The Senate voted Friday to end debate on Kavanaugh's nomination, setting the stage for a final vote in the chamber Saturday evening. But two other key senators, Senators Susan Collins of ME and Joe Manchin of West Virginia, voted for cloture, with Collins indicating that she would announce her final decision on how to vote by 3 pm on Friday.

But his Senate confirmation hearing raised doubts about Kavanaugh's choirboy image and he will join the eight other justices with a cloud hanging over his head.

Kavanaugh's nomination sparked protest across the Capitol, which continued Saturday.

"The Senate is about to elevate a nominee who doesn't belong on the nation's highest bench", Senate Minority Leader Chuck Schumer said before the confirmation vote, adding that the judge is an "extreme partisan" with an "injudicious demeanor".

But Democratic leader Chuck Schumer of NY forecast gains for his party instead: "Change must come from where change in America always begins: the ballot box".

He could use the same line that the late Antonin Scalia liked to give after he cast one of the five votes by justices appointed by Republican presidents to end an election recount in Florida and install a Republican president in the White House. McConnell extolled Kavanaugh as a "superstar, a serious scholar" who is "legendary for his preparation and possesses the qualifications, the temperament and judicial philosophy" to be a brilliant justice.

Kavanaugh, 53, will solidify the nine-member Supreme Court's conservative majority.

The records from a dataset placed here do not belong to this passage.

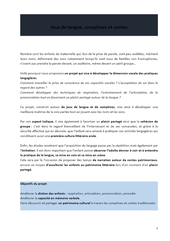 Jeux De Langue , Comptines Et Contes
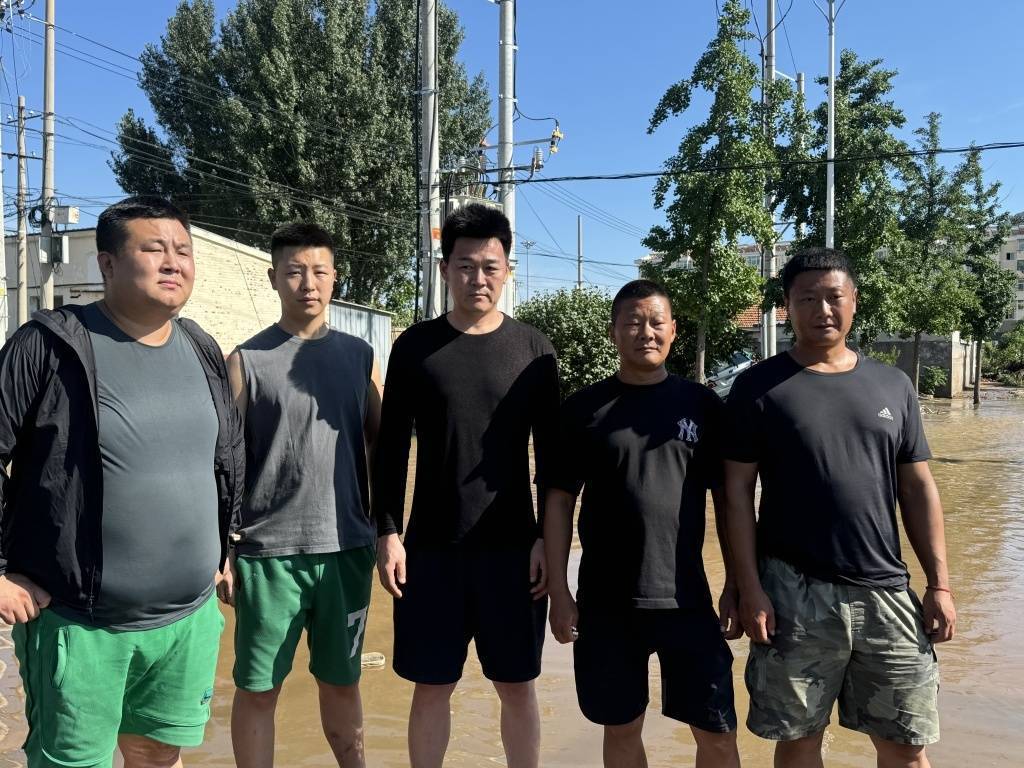 7月28日,王天宇(左一)等参与救援者合照。受访者供图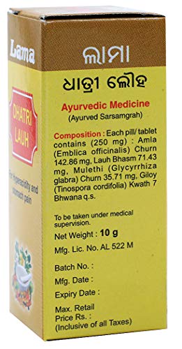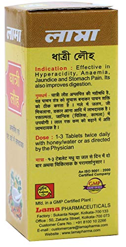 Lama Dhatri Lauh. A Classical Ayurvedic product from Lama Pharmaceuticals. Ingredients are Phyllanthus Emblica Glycyrrhiza Glabra Purified Iron Powder Tinospora cordifolia etc.
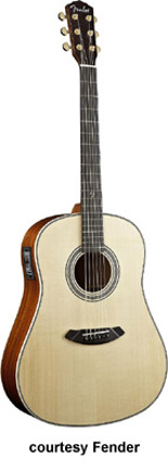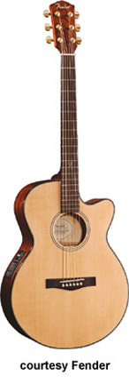 GDC-100 SCE (NO. 095-8000) | - single cutaway concert-style body, solid spruce top, laminated ash back/sides, nato neck, rosewood fingerboard with 12th fret Fender inlay, round soundhole with rosette, chrome hardware, Piezo pickup with active electronics, available in Natural finish, mfg. 2004-07. |
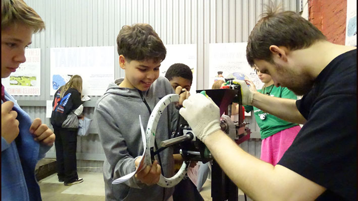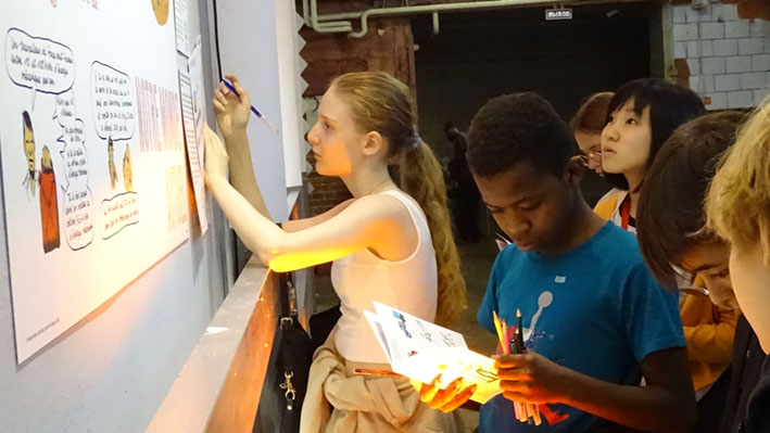 Nos élèves de 6e-5e ont été invités à une manifestation intitulée « La Nuit des idées » organisée par l’Institut français en partenariat avec les éditeurs de la bande dessinée « Le monde sans fin » au centre « Fabrika ». Ce centre occupe les locaux d’une ancienne usine de papeterie, il héberge des projets culturels et propose des espaces de travail aux artistes.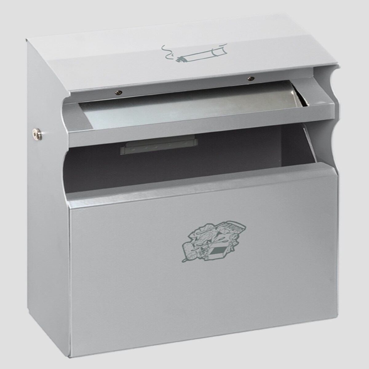 PROREGAL Eckiger Kombiascher mit Einwurfblende | 15 Liter, HxBxT 54x30x14cm | Verzinkter Stahl | Silber | Mülleimer Aschenbecher Abfalleimer

That, McConnell said, is the statement the Senate will make with its Kavanaugh vote. They went through it, and they went through it seven times.

Ms Murkowski opted instead to simply mark herself as "present", leaving the final vote 50-48.

Senator Lisa Murkowski, the only Republican to oppose Kavanaugh, said it was time for the Senate - and Americans - to "heal" after such a divisive few weeks. "Unfortunately, nothing in Judge Kavanaugh's record or past have shown he will be such a justice". We've seen the numbers in the races shifting in our direction.